Um ano de incertezas

José Carlos Pereira, 18.01.24

Na edição de hoje do jornal "A Verdade", publico um texto de opinião acerca da situação política nacional e internacional que temos pela frente:  

"Entrámos em 2024 com poucas certezas sobre o que nos reserva o futuro próximo. A nível internacional, o novo ano fica marcado por eleições em dezenas de países. Do Parlamento Europeu aos Estados Unidos da América (EUA), da Rússia à Ucrânia, da Índia ao México, da Bélgica, no coração das instituições europeias, a Portugal. Sem esquecer as eleições em Taiwan, ocorridas já na semana passada, e que deram a vitória a um candidato repudiado por Pequim e defensor de uma crescente aproximação ao Ocidente. A importância de Taiwan no contexto internacional releva do facto de ser um potencial foco de conflito entre a China, que reclama a reunificação com Taiwan, e os EUA, defensores do regime democrático da ilha. Acresce que o facto de Taiwan ser o principal produtor mundial de semicondutores poderia provocar um autêntico bloqueio da economia mundial em caso de disputa militar.
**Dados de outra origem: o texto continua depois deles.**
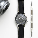 Nos bracelets en cuir Crazy Horse sont fabriqués selon nos spécifications exactes. Ces bracelets ont un profil plus robuste et rembourré et s'effilent subtilement des cornes à la boucle. La collection Crazy Horse est équipée d'une boucle robuste et brossée (avec une barre à ressort) et de poussoirs à déclenchement rapide. Les attaches sont légèrement plus larges pour s'harmoniser avec l'aspect général du bracelet.
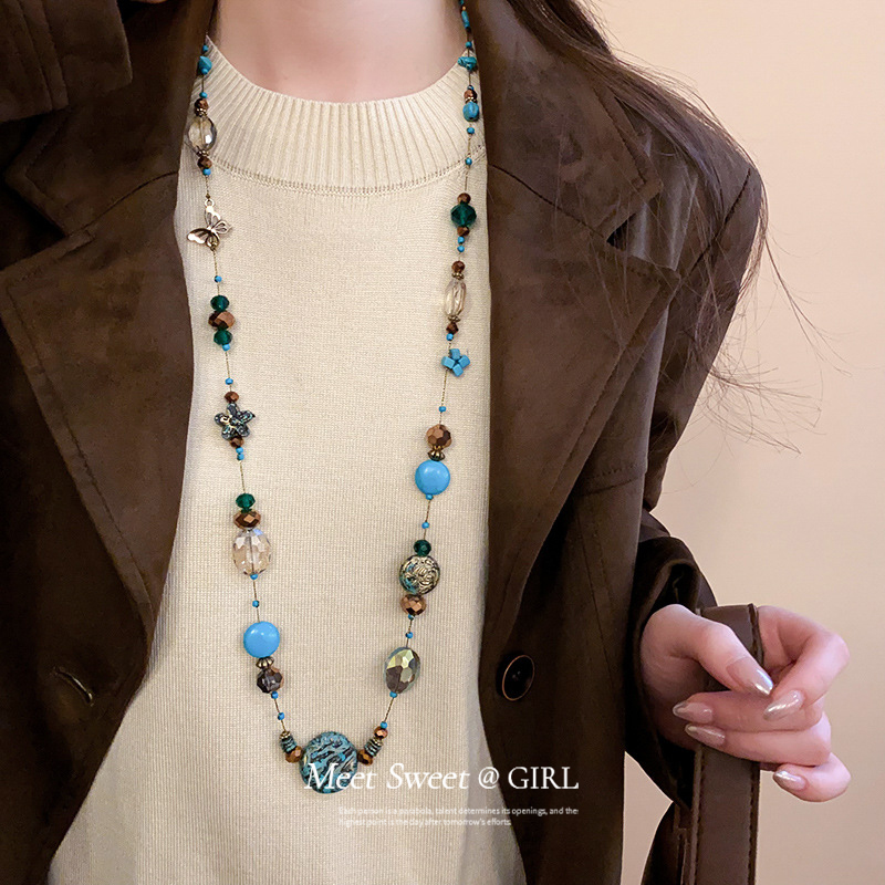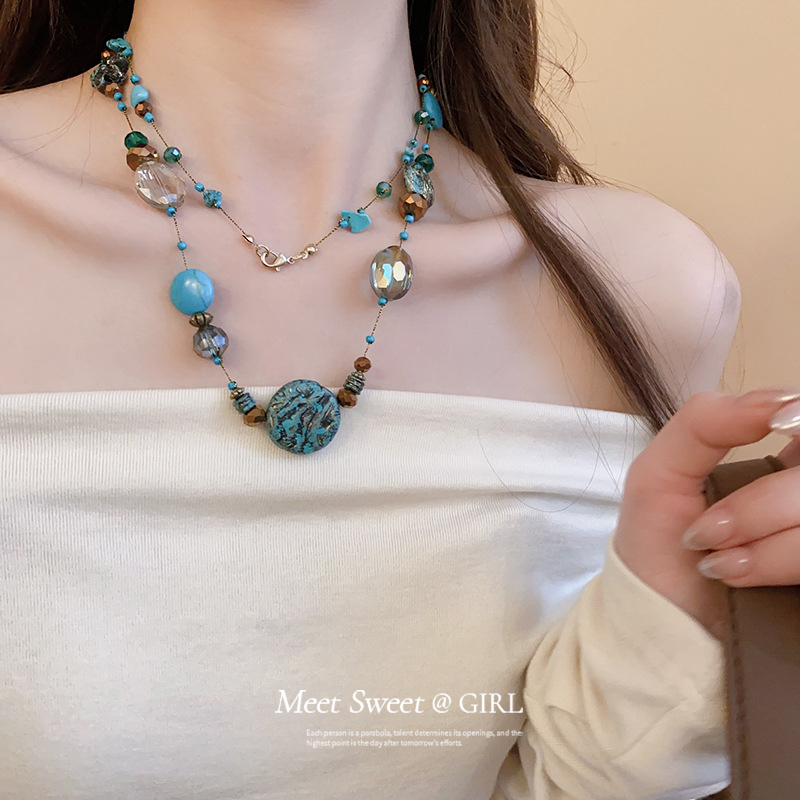 圆形人造石款叠戴项链长款女复古小众轻奢高级感毛衣链时尚配饰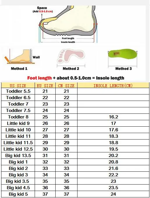 Notes: 1.Please strictly follow the size chart to select the size. Don’t select directly according to your habits. Please allow insole length 0.5 cm error due to manual measurement . 2.Insole length = kid’s foot length + 0.5 cm. You also can +1 cm if baby feet are fat. You’d better measure baby foot length by ruler. 3.The size number marked in the shoes’ sole is China size, not EU size !!! The length number which you see marked in the shoes outsole is useless, not insole length which we write in the size chart !!!! 4. Most shoes will be perfectly delivered to your hand 🙂 .We have tried our best to reject some shoes of visiable gule.But A little little Gule mark of partial shoes is happened inevitably during the factory production. If you cannot even accept any little little gule,we’re sorry that you may can try other stores. 5. If ordered the wrong sizes by yourself or just not like the shoes, you can return the shoes to us. We can refund you the money except the shipping charge from China to your destination (which we have paid the China post or other express) . 6. All shoes will be shipped with bubble bags,no boxes !!!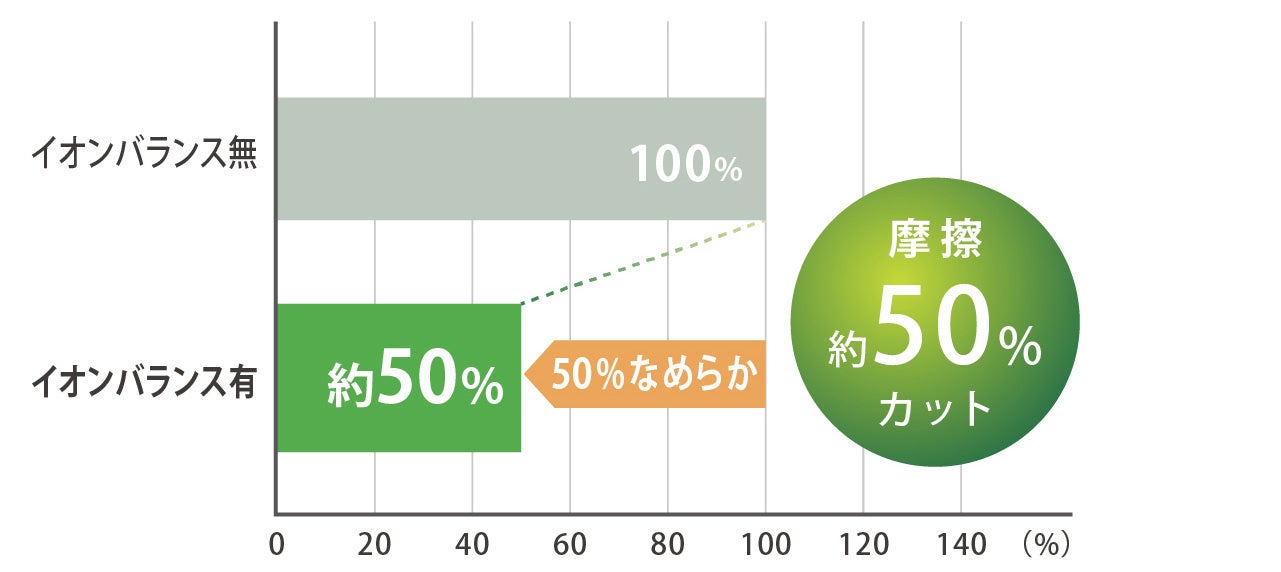 (※4)【試験方法】毛束の摩擦強度をイオンバランスの有無で測定比較。
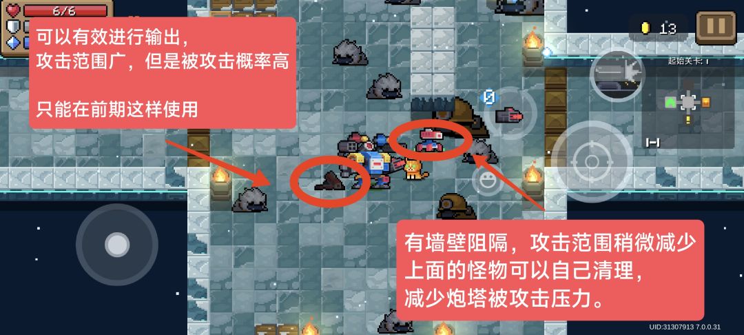 1.尽可能将炮塔安置在墙壁旁边,能够减少大概30%敌人的子弹输出(实战根据情况选择)。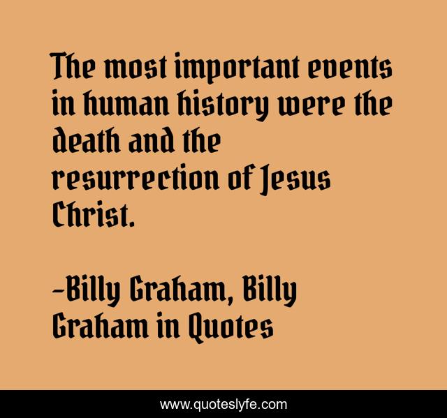 This page presents the quote "The most important events in human history were the death and the resurrection of Jesus Christ.". Author of this quote is Billy Graham, Billy Graham in Quotes. This quote is about resurrection, billy-graham,.

Em termos económicos, o ano transacto terminou melhor do que aquilo que se podia perspectivar no início de 2023. Na realidade, os preços do petróleo e do gás natural baixaram significativamente, a inflação desceu, as bolsas estão em alta e a economia global cresceu na ordem dos 3%. A confiança dos investidores aumentou e a taxa de desemprego na Zona Euro, em Novembro de 2023, fixou-se em 6,5% (6,6% em Portugal).

Poder-se-á dizer que a economia andou, de certo modo, em contraciclo com a realidade geopolítica. À invasão da Ucrânia pela Federação Russa, uma guerra prestes a completar dois anos e que tem motivado um grande esforço financeiro e militar dos países ocidentais no apoio à Ucrânia, acrescentou-se em 2023 um novo foco de guerra entre Israel e o Hamas, que administra a Faixa de Gaza, com repercussões graves nos restantes territórios da Palestina e também no Líbano. Os recentes ataques de rebeldes Hutis, do Iémen, a navios no Mar Vermelho são uma consequência da escalada militar na região e já motivaram resposta por parte dos EUA e do Reino Unido. A rota do Mar Vermelho é fulcral para a logística e as cadeias de abastecimento globais e não pode ficar refém de investidas terroristas.

Neste quadro internacional difícil, Portugal tem também o seu quinhão de incerteza com a realização de eleições legislativas antecipadas. Marcelo Rebelo de Sousa decidiu-se pela dissolução da Assembleia da República e pela marcação de novas eleições para daqui a menos de dois meses.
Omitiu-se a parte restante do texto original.